Shadows in the shape of aspen and oak leaves.

This is a place of magic.

Robin and his merry men once ran here.

Still I hear their whispers

Echoed by the shifting branches overhead.

In a forest as old as the world

And green as anything,

Wet under an eternally gray sky,

I sip coffee and contemplate my own insignificance,

And the oak trees drop rainwater on my head.


----

Haiku Sequence

Sidewalk of Baker Street

Gum-splattered pavement,

All twenty-six shades of grey,

Sticking to my shoe.

On the Way to the Station

A touch on my head,

Unexpected in grey light:

Early morning bird poop.

Evening Tube

Warm bodies press close,

The humid breath of hundred

Fills the Underground.

Baker Street Station

The stench of years past

In Underground’s unmoving air –

Coal dust in my eye.

The Heath

Untouched for centuries,

Growing and green in the city,

Stretch of wilderness.

Waking Up

Laying in bed,

Hazy moon in the window.

Last day in London.

Numbered

The twelfth day of May,

Six pounds and seventeen steps,

Three rooms in 221B.


----

221B

Mecca in a three-room flat

Crammed impossibly full

Of reality mixed with dreams.

Tourists, worshippers, disciples

Cross the world to visit this place.

The table set for two--

Ignored in favor of the old violin

And the softly simmering test tubes on the table in the corner.

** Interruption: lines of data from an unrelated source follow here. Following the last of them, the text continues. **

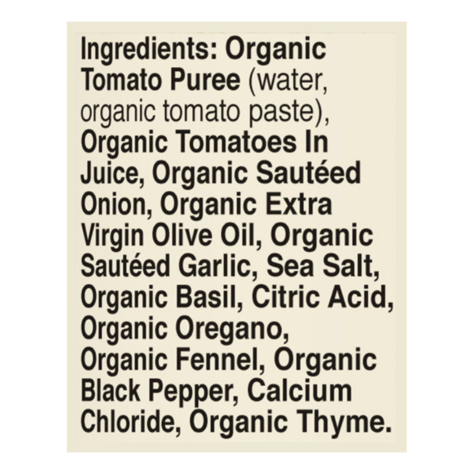 ingredients : organic tomato puree (water, organic tomato paste);organic tomatoes in juice;organic saut ed onion;organic extra virgin olive oil;organic saut ed garlic;sea salt;organic basil;citric acid;organic oregano;organic fennel;organic black pepper;calcium chloride;organic thyme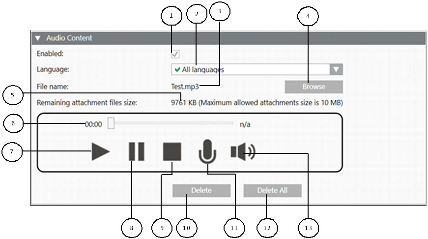 4 | Browse | Allows you to browse the local file system and upload a file as audio content. You can upload MP3 and WAV files. |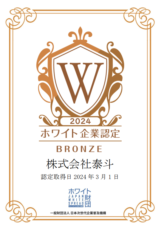 株式会社泰斗が、一般財団法人日本次世代企業普及機構(通称:ホワイト財団)が運営する「ホワイト企業認定 ブロンズランク」を取得したことをお知らせいたします。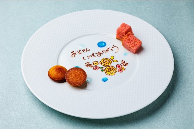 まずはお食事の前に乾杯グラスシャンパンで大切なお席を華やかに彩ります。フレンチコースのお食事を愉しんでいただいた後は、お父様へ感謝の気持ちをこめたメッセージプレートをお渡し。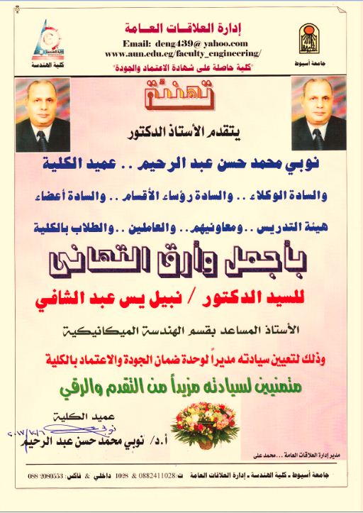 Congratulations to Dr. Yassin Nabil Abdul Shafi for his appointment as Head of Quality Assurance and Accreditation Unit 6 December 2017 Congratulations to Dr. Yassin Nabil Abdul Shafi for his appointment as Head of Quality Assurance and Accreditation Unit
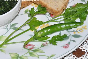 Tritare finemente con una mezza luna, oppure nel mixer se preferite, l’aglio, il peperoncino verde, il prezzemolo, l’aceto, il pepe, l ‘olio ed infine il sale. Abbiate l’accortezza di assaggiare il preparato perchè sia sufficientemente saporito. ATTENZIONE E’ MOLTO PICCANTE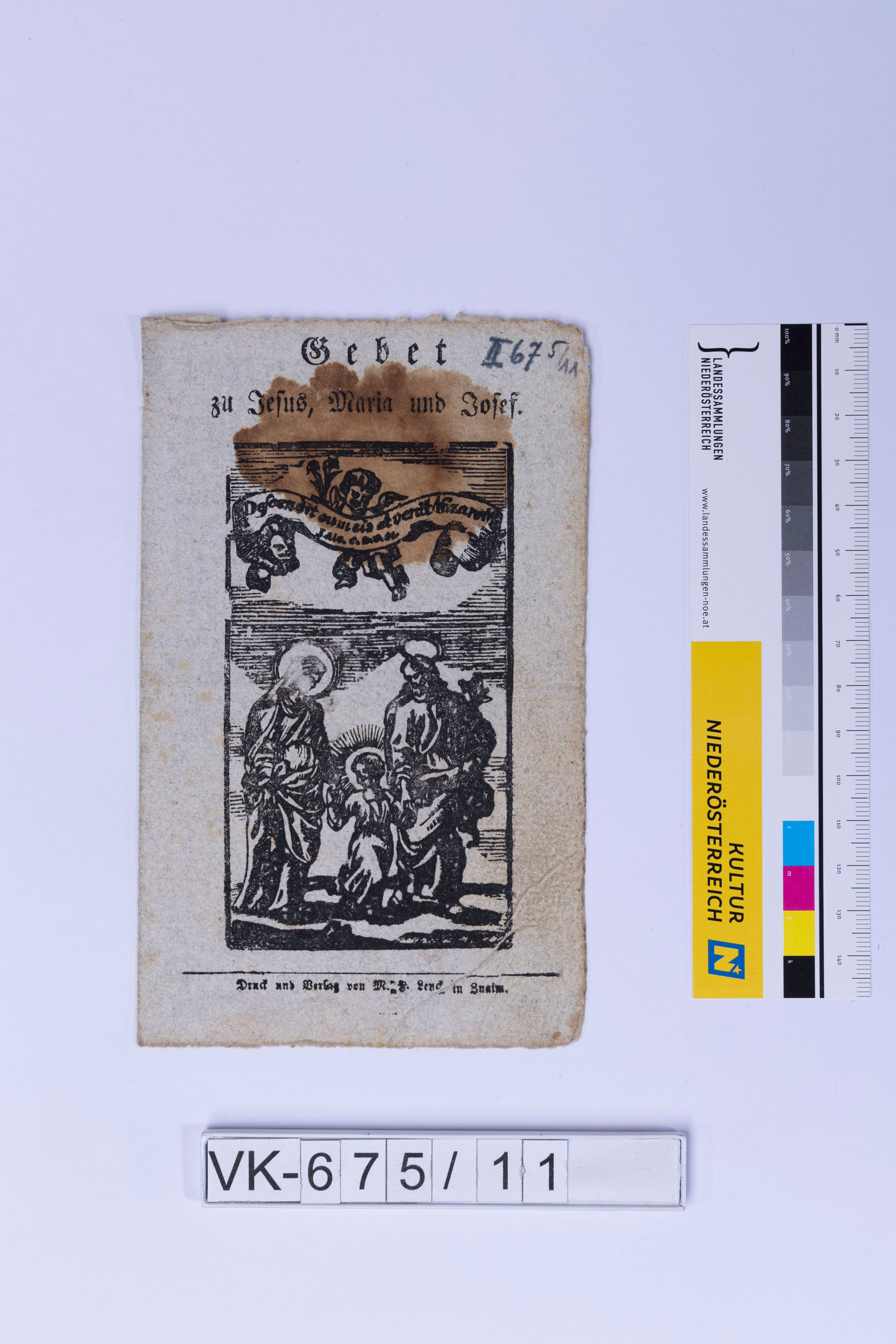 Gebetsheftchen; Vorderseite: "Gebet zu Jesus, Maria und Josef", Abbildung der Heiligen Familie; Innen- und Rückseite: Anrufung, Gebet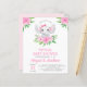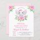 Personnalisez ce Tropical Rose Floral Aquarelle Girly Elephant Baby Baby shower virtuel ou Baby Sprinkle Invitations sur arrière - plan blanc avec votre message et les détails. Cette invitation chic comprend des fleurs roses rousses et une végétation botanique moderne avec une typographie de script mignonne et élégante pour la célébration spéciale Mère à être.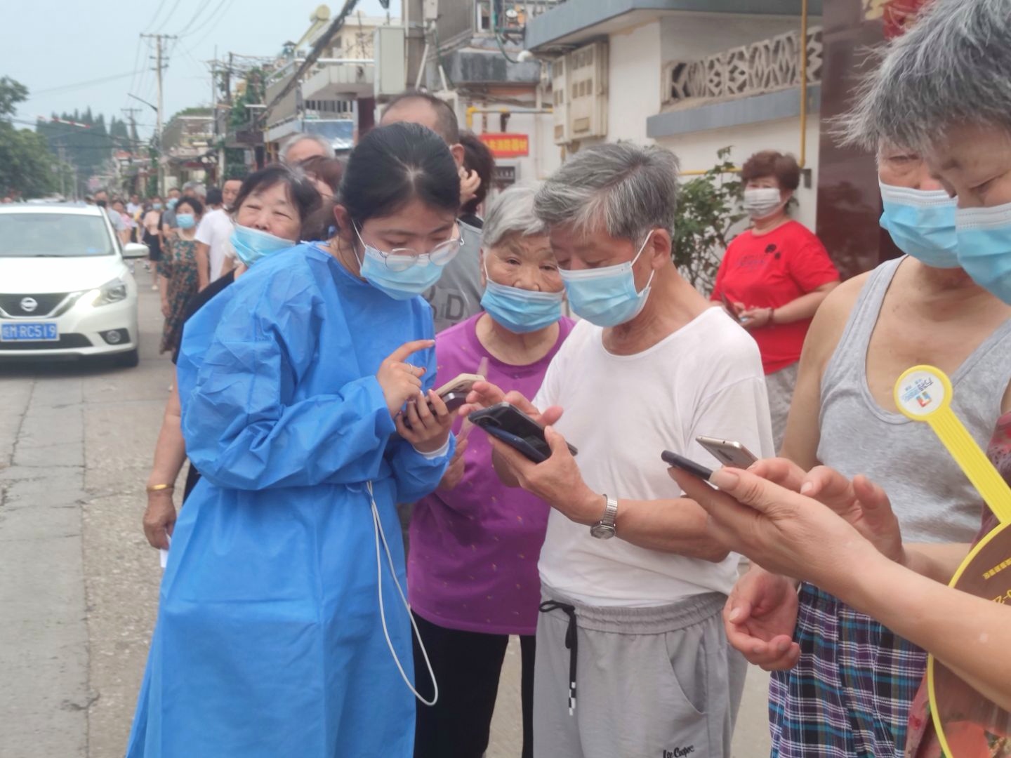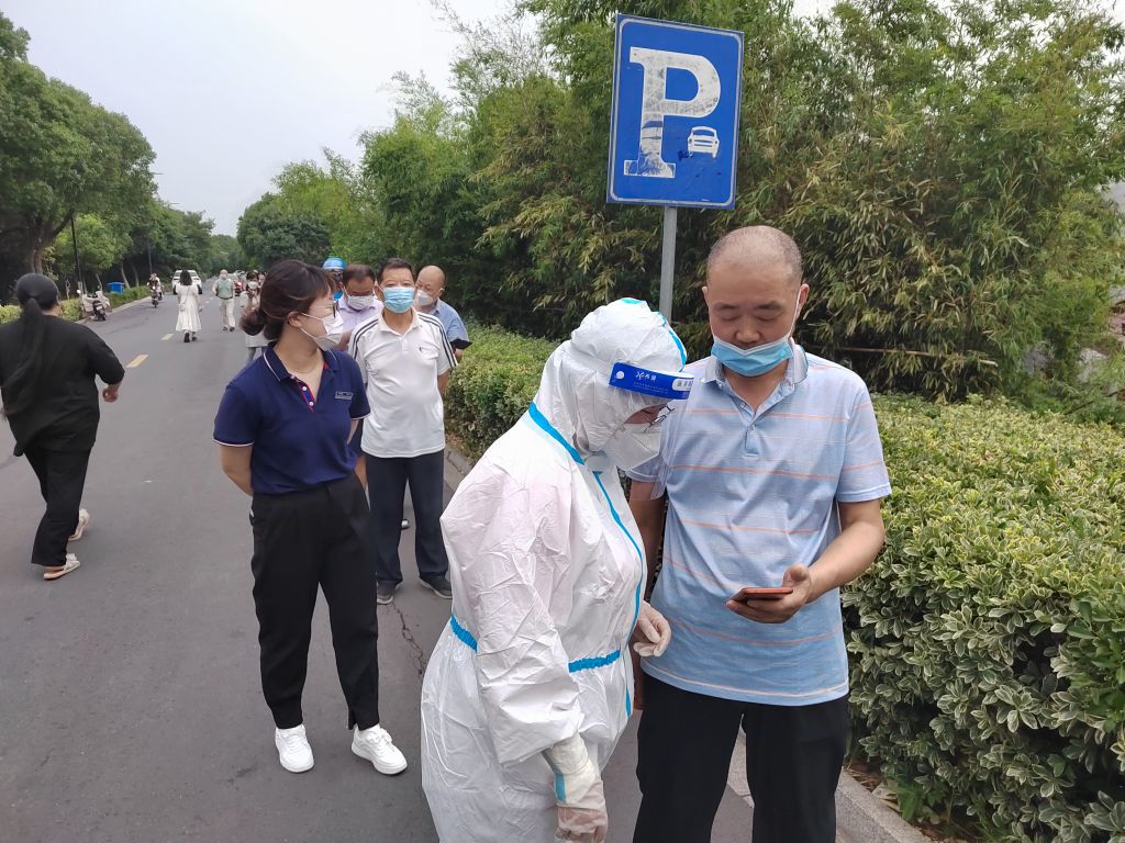 7月5日下午,永利集团304am赴芜湖市、天长市“赓续精神谱系,传承红色基因”理论宣讲团队的全体成员们奔赴天长市千秋街道千秋社区、同心社区以及胭脂山社区开展全员核酸检测志愿服务活动。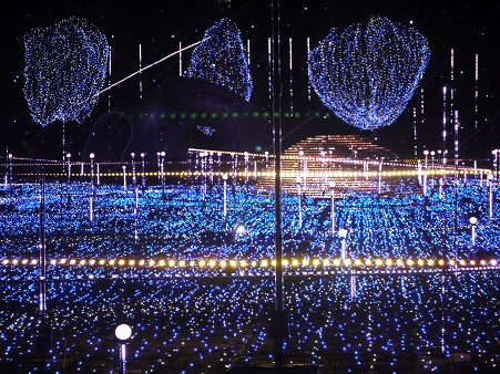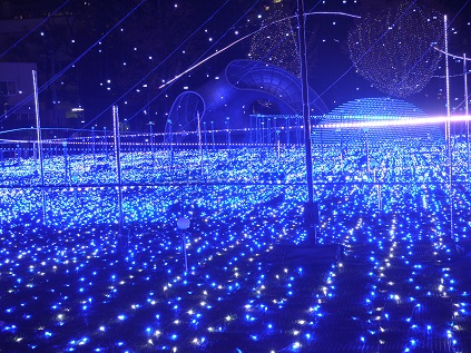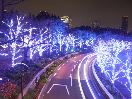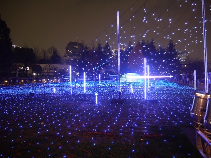 東京ミッドタウンの真向かいにある芝生広場で毎年恒例のイルミネーション「スターライトガーデン2015」が今年も11月12日から開催されています。52万個のLED電球の内18万個以上が輝く青色が中心の構成になっています。メイン会場以外でも見どころ充分です。

The smell of tobacco, formaldehyde, and rain

Has been smothered by the sell of cross trainers and perfume,

But the rooms remain untouched,

Everything in its rightful place,

Just as shrines are wont to be.


----

REALLY?

Is there really such a thing as reality?

Surely not here.

Not here where Robin ran,

Where Harry hunted,

Where Sherlock sleuthed.

These places,

I thought,

Existed only in stories.


----

TWO MONTHS LATER

The last night,

Standing on the corner of Marylborn and York Gate.

The sky overhead looked like water,

Blue and shaded, rippled by the wind.

Cars streamed by, red and white lights a blur in the darkness.

I tried to memorize every detail –

The cool evening breeze,

The way the air smells of grass and water and petrol,

The rushing silent sound of city traffic.

But even now it’s just a memory.

Was I ever really there?

1 comment:

Anonymous said...

My favs are The english voice, sherwood forest and the last three. Your haikus are funny. the way you write seems to be minimalist and yet its all there god job. love them.